The genetic snapshot from these nine individuals is small but evocative. Maternal lineages are diverse: three individuals carry haplogroup T, two carry haplogroup D (an East Eurasian lineage), and single instances of H1u, H5, and K appear. This mix suggests both West Eurasian maternal ancestry (T, H, K are widespread in Europe and West Eurasia) and detectable inputs from eastern Eurasian gene pools (haplogroup D), consistent with archaeological models of steppe-mediated connections.

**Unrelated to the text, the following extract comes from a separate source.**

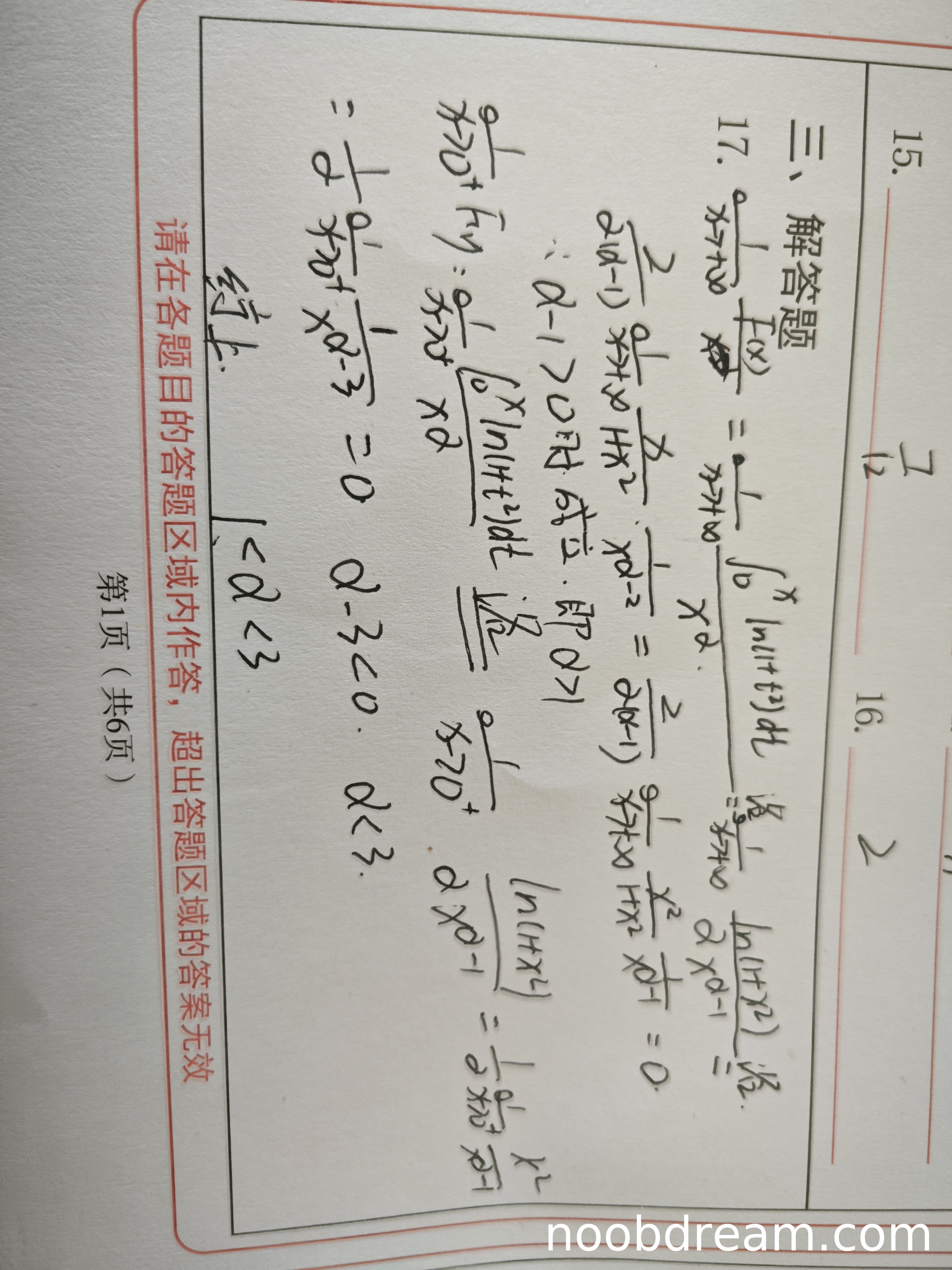 学生作答与题目要求完全不符。题目中给出的函数是 \( F(x)=\frac{\int_{0}^{x}\ln(1 + t^{2})dt}{x^{3a}} \),并给出了两个极限条件。然而,学生的解答过程讨论的是一个完全不同的函数形式 \( F(x)=\frac{1}{x - x_0}\int_{x_0}^{x}\ln(1 + t)dt \) 以及一个包含参数 \( a \) 的方程,这与原题无关。整个解答过程没有针对原题的两个极限条件进行分析和计算,逻辑起点错误,导致后续推导全部偏离题意。因此,本题无法得分。

No consistent Y-chromosome pattern is reported across the small sample, so conclusions about paternal ancestries remain undetermined. Because n = 9, statistical power is limited: patterns observed here should be treated as preliminary. Still, the co-occurrence of West and East Eurasian maternal haplogroups aligns with broader ancient DNA studies showing that Hun-era and other Migration Period groups often carried mixed ancestries formed by steppe movements and local European gene pools.
Genetic data must be read alongside archaeology: the presence of East Eurasian mtDNA does not on its own identify cultural affiliation, but it does confirm biological connections across Eurasia during late antiquity. Future sampling, especially of male lineages and larger numbers of individuals from the same cemeteries, will be necessary to refine demographic models and test hypotheses about migration, kinship, and social structure.